No doubt, on the minds of the gullible rich and charitably inclined who contribute to such institutions, the report of this feast day and of the great number "fed" must have made a great impression. These people were teaching Christ, too, as they understood or pretended to understand Him. On this day, if they had found one man of character strong enough to accept and follow the beautiful Christ Life, was it not worth while? From their standpoint, yes, but they overlooked utterly the sin of continuing the pauperization of those two hundred and fifty men, by their makeshift charity. During their four hours of praise and prayer and “testimony,” not one single word was said about the causes that compelled those men to be there. Nor a single remedy was mentioned to change conditions, nor a word uttered against the methods used by religious societies, missions, single and associated charities, prison associations, societies for the prevention of crime and mendicancy, in their dealings with mendicancy.
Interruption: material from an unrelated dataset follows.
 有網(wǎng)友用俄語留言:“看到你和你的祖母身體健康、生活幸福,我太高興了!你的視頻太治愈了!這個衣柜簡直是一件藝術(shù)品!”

It was after dark when I again reached the city. The rain had ceased, and the myriads of scintillating lights filled the city with a glow of splendor. I began my testing of the generosity of the city of Los Angeles toward its destitute homeless. As in other cities, I met with rebuffs at all of those institutions and religious bodies ostensibly existing for the sole purpose of helping the homeless. I tried all that I had heard of or that the police knew anything about. Finally, as I had been in other cities, I was driven to the Municipal building provided for law-breakers and criminals. As I sat there waiting for the jailer to lock me in, I thought of the frightful night spent in the bullpens of other places,—of the nerve-racking night when I came so near swooning in the city prison of Pittsburg, and last but not least, of that madhouse, the Old Bastile of San Francisco. As I heard the clang of iron doors, and in the distance the cursing of men and the cry of lost women, I said to myself, “I don’t think it necessary for me to go through this terrible trial to bring before the good people of Los Angeles the need of a Municipal Emergency Home,” and I quietly crept away.
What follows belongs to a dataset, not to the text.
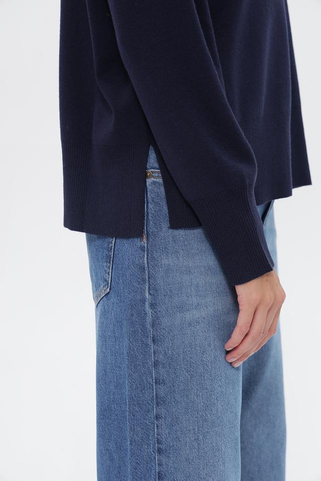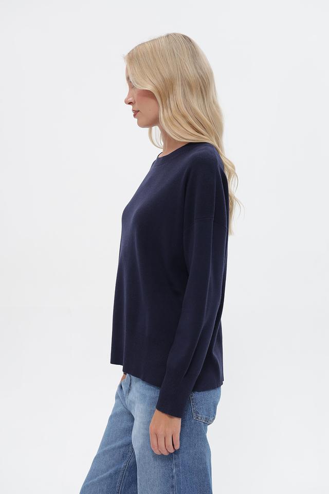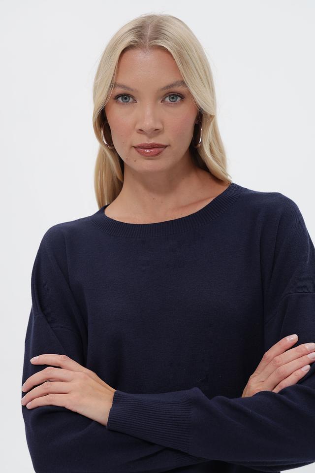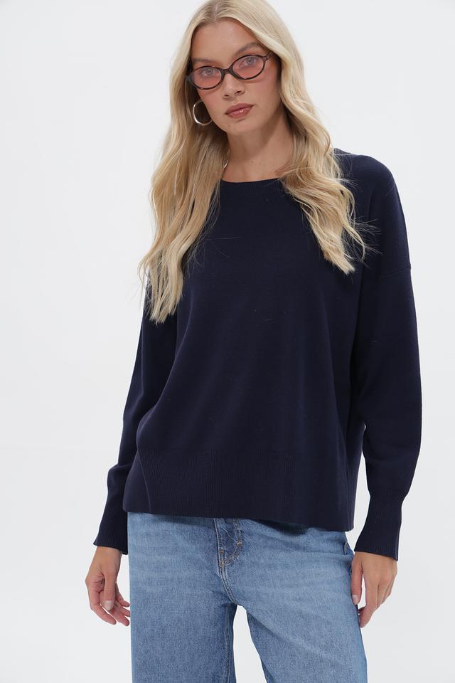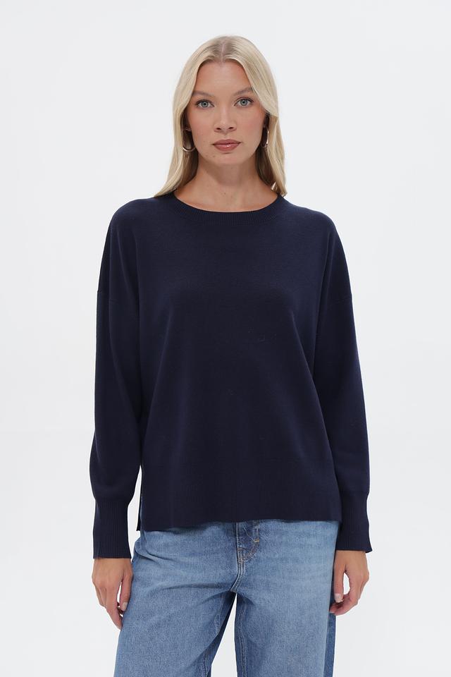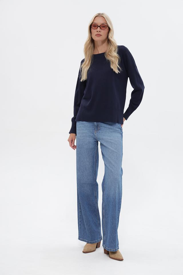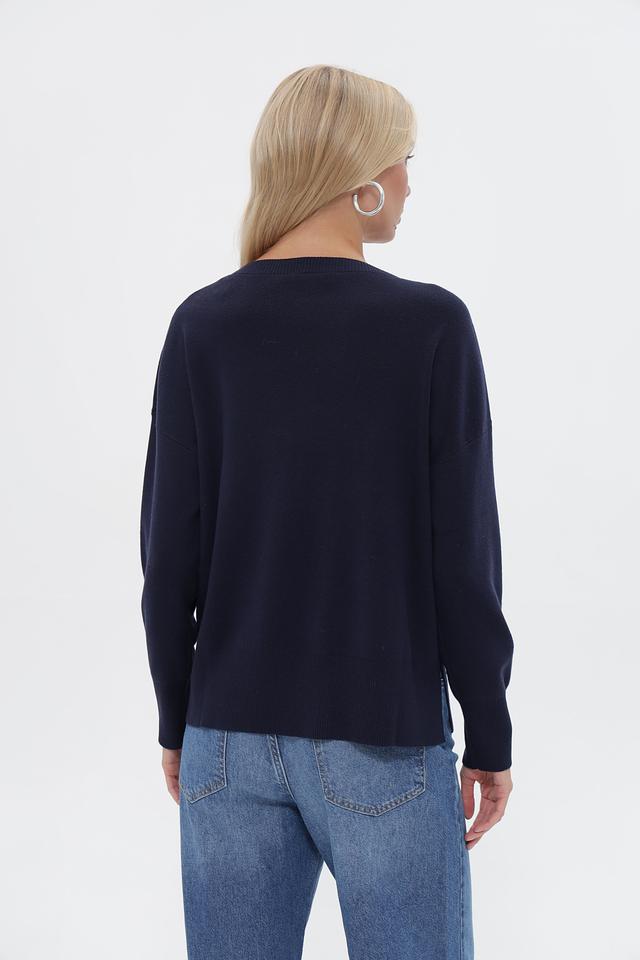 Этот тёмно-синий пуловер от UNQ станет незаменимой вещью в вашем гардеробе. Классический крой и спокойный цвет делают его универсальным для создания различных образов.

On the following Sunday, I addressed the Y. M. C. A., and I told them of my experiences in Los Angeles. I spoke of going first to one very prominent institution and of being denied any of its privileges for less than thirty cents, in real money. I did not give the name of the establishment and when I had finished, one of the officers of this body got up and said, “If Mr. Brown had come here he would have been taken care of.” I replied, “This was the first place I came to.” After they had caught their breath, he haltingly said, “But Mr. Brown, you did not see the right man.”
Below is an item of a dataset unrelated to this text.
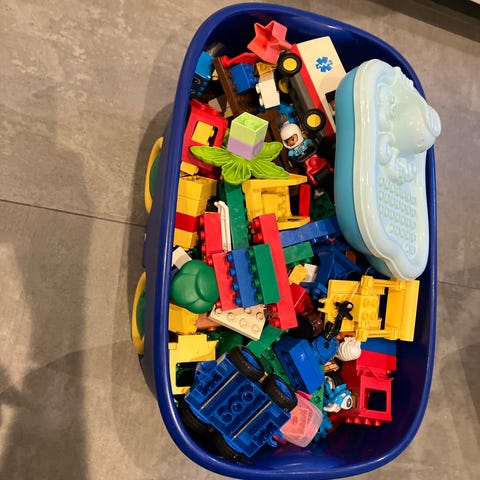 10 kg kasse med pent brukt Duplo. Diverse biler, fly, mennesker, dyr og blomster. Klosser og brett.

I found in Los Angeles, as in every other city that I visited, that the Y. M. C. A. is nothing more nor less than a rich men’s club. I found men worth a great many thousands of dollars rooming there. They paid from thirty to fifty dollars a month for their rooms. And I found boys on small salaries also living there but living on one and two meals a day, in order to be able to pay their paltry room rent.
CHAPTER XV
In Portland
“To live honestly by one’s own toil, what a favor of Heaven!”—Hugo.
“Dell me, vhere I find me a lawyer?” In broken accents, these words came to me from a German laborer who stepped up to me out of five hundred unemployed men who thronged Second Street in the vicinity of the labor bureaus.
“I am a lawyer,” I responded; “what is the trouble?”